I will take the piss out of the substance of the religion if I feel like it, but that's quite distinct from how I feel about the actions of the organisation. I'm basically a sceptical atheist, but no longer dogmatic about it; if you want to believe a particular variety of fluff, that's absolutely your right. Abuses of social structures, on the other hand, are a different matter - because that affects my life, and is hence my business and concern.
a.r.s tends to operate this way too - no-one is really that worried about the 'free zone' (ex-Scientologists who have left the Church, but still practice the 'tech') - it's the vile actions of the CoS organisation that really get 'em riled. This is not about religion.
(I don't have any personal use for the 'tech', but I must emphasise here that the free-zoners I've met on the net are generally really good folk, who I can only wish the best of results in their personal journeys of self-discovery.)
Not as much as you might think. I look forward to the day when I no longer feel I need to know about this stuff. I had a chance at an original hardback copy of Bare-Faced Messiah by Russell Miller (an unauthorised biography of L. Ron Hubbard) and chose not to buy it ... If I wanted souvenirs after this war is over, I would probably want things to do with the people involved that I got to know and like; rather than just a pile of research materials. (I have a rather nice anti-Scientology T-shirt from the arscc.uk, for example.) I mean, really.
The more Scientology I know, the less I want to know. I find it an unbelievably stupid waste of human time and effort. This is information of no conceivable use other than learning it in order to stop the socially abusive organisation running on it.
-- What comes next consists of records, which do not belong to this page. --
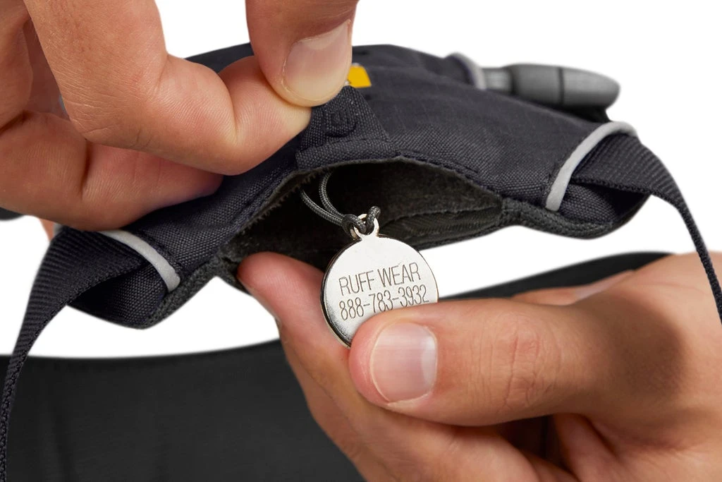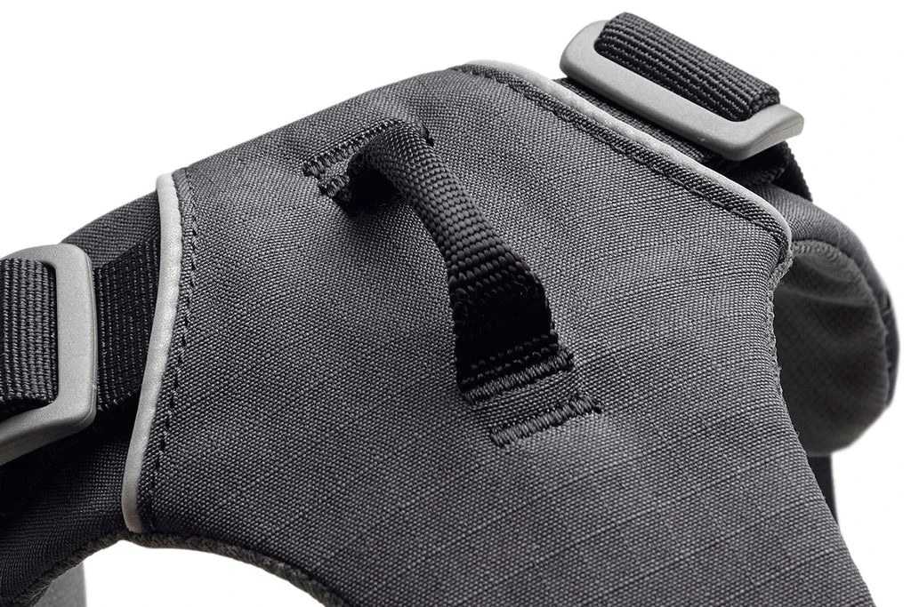Das Geschirr hat zwei Befestigungspunkte für die Leine: einen V-Ring auf dem Rücken des Hundes als Hauptbefestigungspunkt für die Leine und eine verstärkte Gewebeschlaufe an der Brust für zusätzliche Kontrolle bei zweifachem Leinenanschluss. Dies kann zum Beispiel für Hunde genutzt werden, die sehr stark ziehen oder bei denen durch hohe Reaktivität größere Kontrolle nötig ist. Das ID Fach hält die Hundemarken und verhindert Klimpern, bietet aber trotzdem einfachen Zugriff, sollte sie benötigt werden. Reflektorstreifen und eine Befestigungsschlaufe für das Sicherheitslicht The Beacon sorgen für gute Sichtbarkeit bei schlechten Lichtverhältnissen.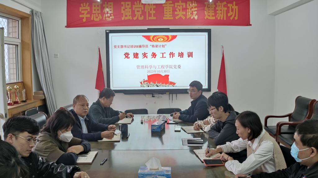 学院专职组织员宋智广围绕党的组织机构设置、组织换届选举、“三会一课”制度、组织生活会、民主评议党员、党员发展、党员组织关系转接、《党支部工作手册》填写等内容进行了系统讲解。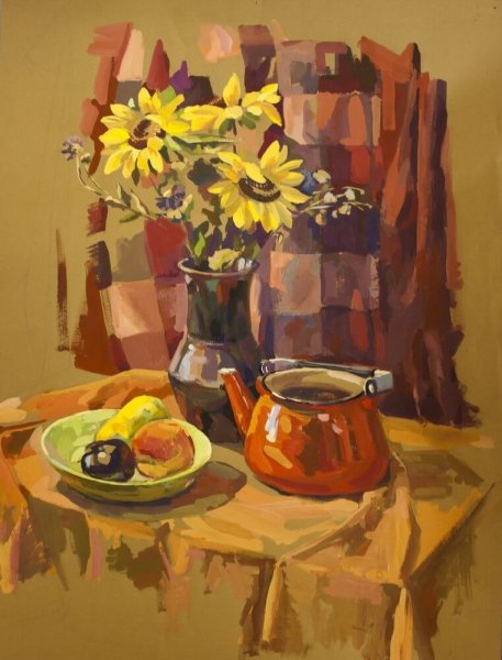 Натюрморт в теплых тонах гуашью - это произведение искусства, созданное с использованием гуаши, которая обладает насыщенными и яркими цветами. В этом натюрморте представлены различные предметы, такие как фрукты, цветы или другие объекты, расположенные в таком порядке, чтобы передать ощущение уюта и тепла. Теплые тона вносят особую атмосферу в работу, создавая ощущение комфорта и спокойствия. Используя гуашь, художник может добиться особого эффекта и показать глубину цветов и текстур объектов. Натюрморт в теплых тонах гуашью является прекрасным дополнением к интерьеру, добавляя красоту и стиль в любое помещение.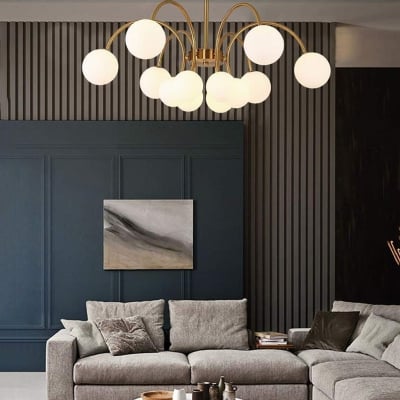Lampadario LED a bolle bianche in stile Art Deco per scale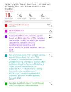 Amelia, Luna and Purbiyati, Yuliana Sri (2024) THE INFLUENCE OF TRANSFORMATIONAL LEADERSHIP AND ROLE BREADTH SELF-EFFICACY ON ORGANIZATIONAL RESILIENCE. International Journal of Economics, Business, and Accounting Research (IJEBAR), 8 (4). pp. 1228-1242. ISSN E-ISSN: 2614-1280 P-ISSN 2622-4771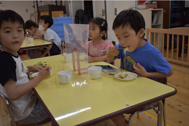都内のこども園の年長さんに『こどもそうめん』を食べてもらいました。10cmの麺はくるくる巻いて食べるのにちょうど良い長さ。こども園の先生からは、「10cmがちょうど良くて食べやすそう」「何度もおかわりしていたね」とこどもが喜んで食べてくれた様子をコメントいただきました。調理師さんからは「こども向けに乾麺を折ったりしなくて良いので楽チン」「食塩無添加だからおかわりも安心」と調理時の手間や栄養面について嬉しい声をいただきました。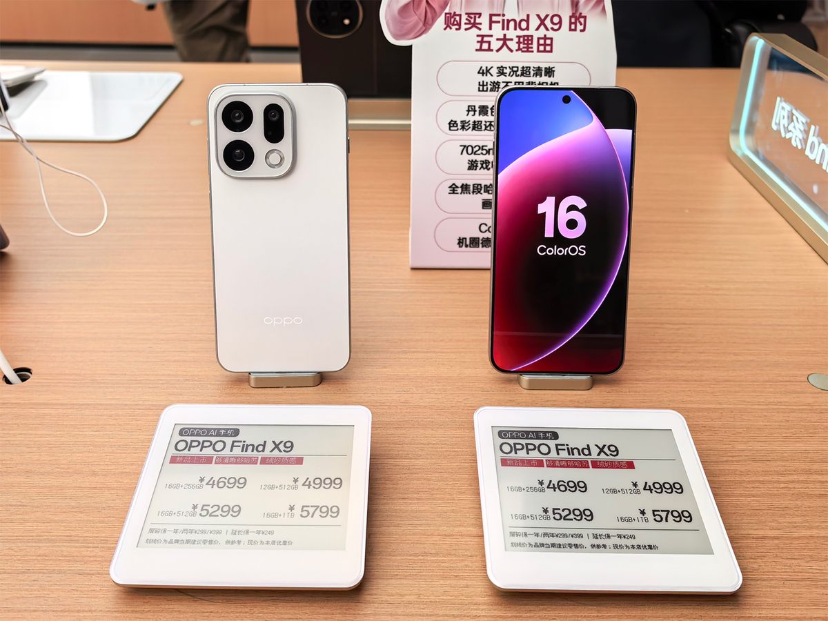 Find X9シリーズは工場見学時にも実機を見せてもらった製品で、基本モデルの「Find X9」と上位モデルの「Find X9 Pro」の2機種が展開されています。主力製品ということで店舗でも最も目立つ位置に展示されています。
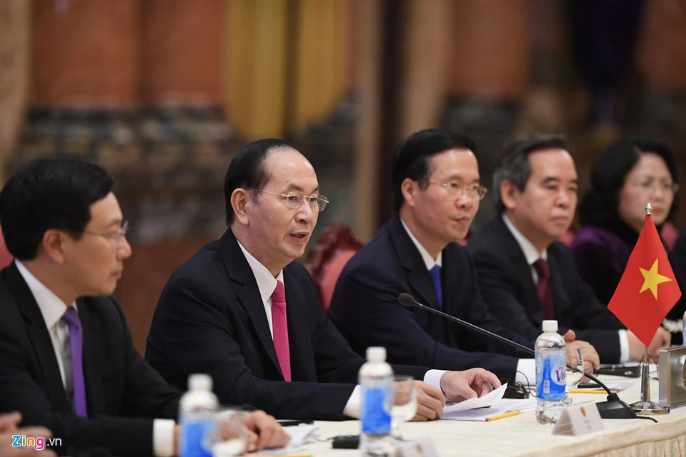 Sau khi đi dạo cùng Tổng Bí thư Nguyễn Phú Trọng, Chủ tịch Trung Quốc Tập Cận Bình đã hội kiến với Chủ tịch nước Trần Đại Quang. Ảnh: ZING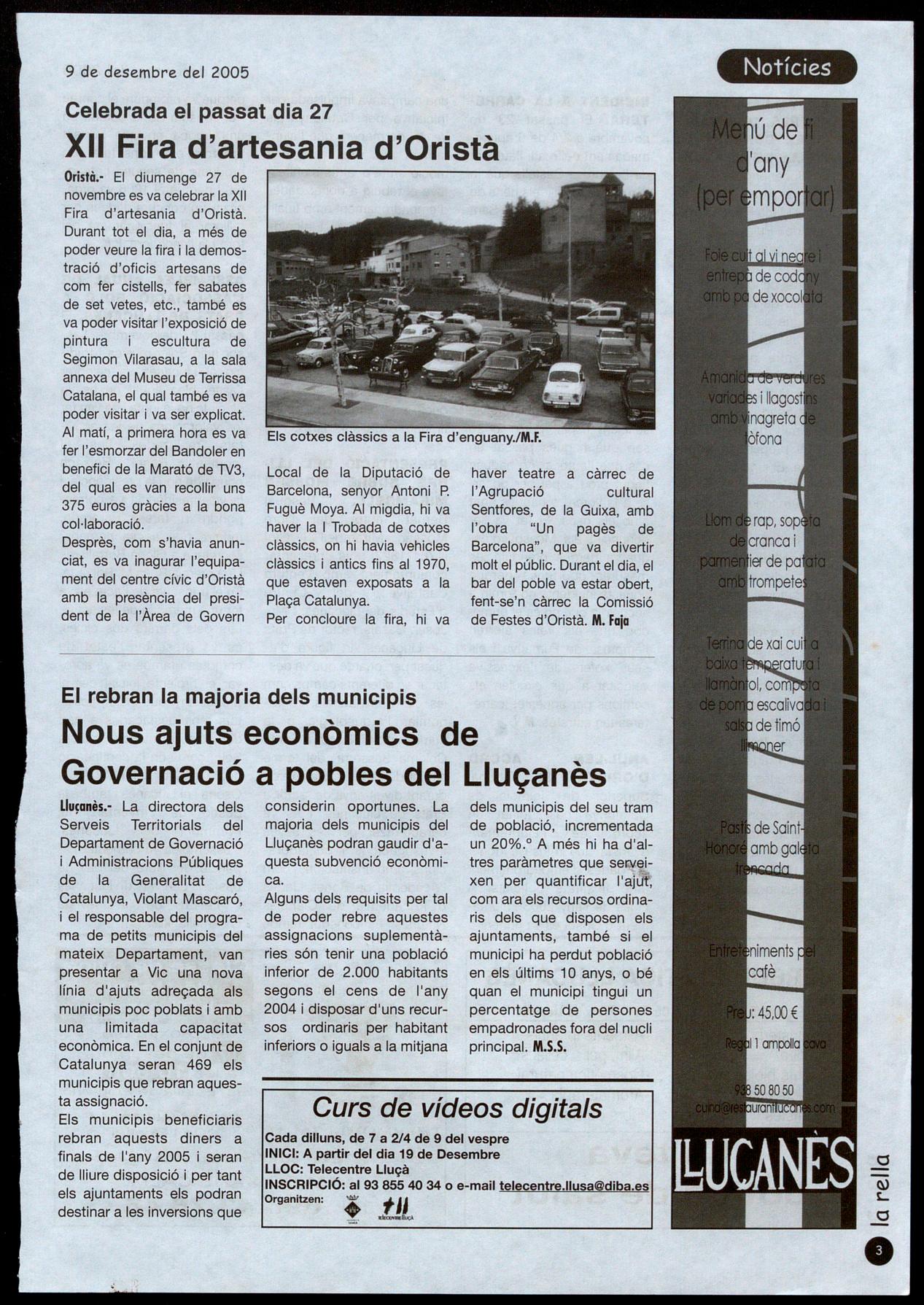 Oristà.- El diumenge 27 de novembre es va celebrar la XII Fira d'artesania d'Oristà. Durant tot el dia, a més de poder veure la fira la demostració d'oficis artesans de com fer cistells, fer sabates de set vetes, etc., també es va poder visitar l'exposició de pintura i escultura de Segimon Vilarasau, a la sala annexa del Museu de Terrissa Catalana, el qual també es va poder visitar va ser explicat. AI matí, a primera hora es va fer l'esmorzar del Bandoler en benefici de la Marató de TV3, del qual es van recollir uns 375 euros gràcies a la bona col·laboració.

I do spend a fair bit of time on this stuff, and know it quite well (it's strange but true: a critic of Scientology who reads a.r.s will often know more about the thing than most of its actual practitioners; sort of like anti-Nazi activists who have more fascist materials and understand them better than your average neo-Nazi) but I regard it as an entertaining socially-worthwhile hobby. a.r.s can become a minor obsession, because so much bloody unbelievable stuff happens and the soap-opera value is incredible, so it requires conscious self-control (and a good killfile) on the part of the reader.
I spend far more of my time on partying, rock'n'rolling, a happy domestic life and sleeping excessively than I do on Scientology-bothering.
(For those reading this because they did a Web search on 'Omegatrend' or 'Amway', may I recommend Amway: The Untold Story and The MLM Survivor's Page - which has a short piece I wrote with just about everything I have to say on the subject of Omegatrend [and some replies from readers]. Also, a comparison of an Amway education and a college education, which certainly also applies to Omegatrend: "Enterprises ... which profess to offer nirvana at the price of intellectual suicide and ethical compromise in the pursuit of fame and fortune.")
I am also a Minister in the Church of the SubGenius.
Whilst many Scientologists are decent people of good intent who sincerely believe that they are working to make the world a better place, it nevertheless remains that Scientology (the organisation; the memetic infection) doesn't do a damned thing that isn't for itself. A machine for grinding up good intentions.
I consider Scientology to be one of the problems itself. Not a big one, but (as I say in my Who's Who entry, above) one that must be dealt with so as to demonstrate that its bright ideas about how to act in the world cannot be gotten away with - by them or anyone else.
I view dealing with Scientology as part of basic social hygiene. The community equivalent of cleaning the toilet on a regular basis. (I think that comparison is quite apt, actually.)
I have one. But thank you anyway.
 The phrase "I actually find myself freshly disgusted" was originally from Rob "henry" Clark, concerning the death of Lisa McPherson.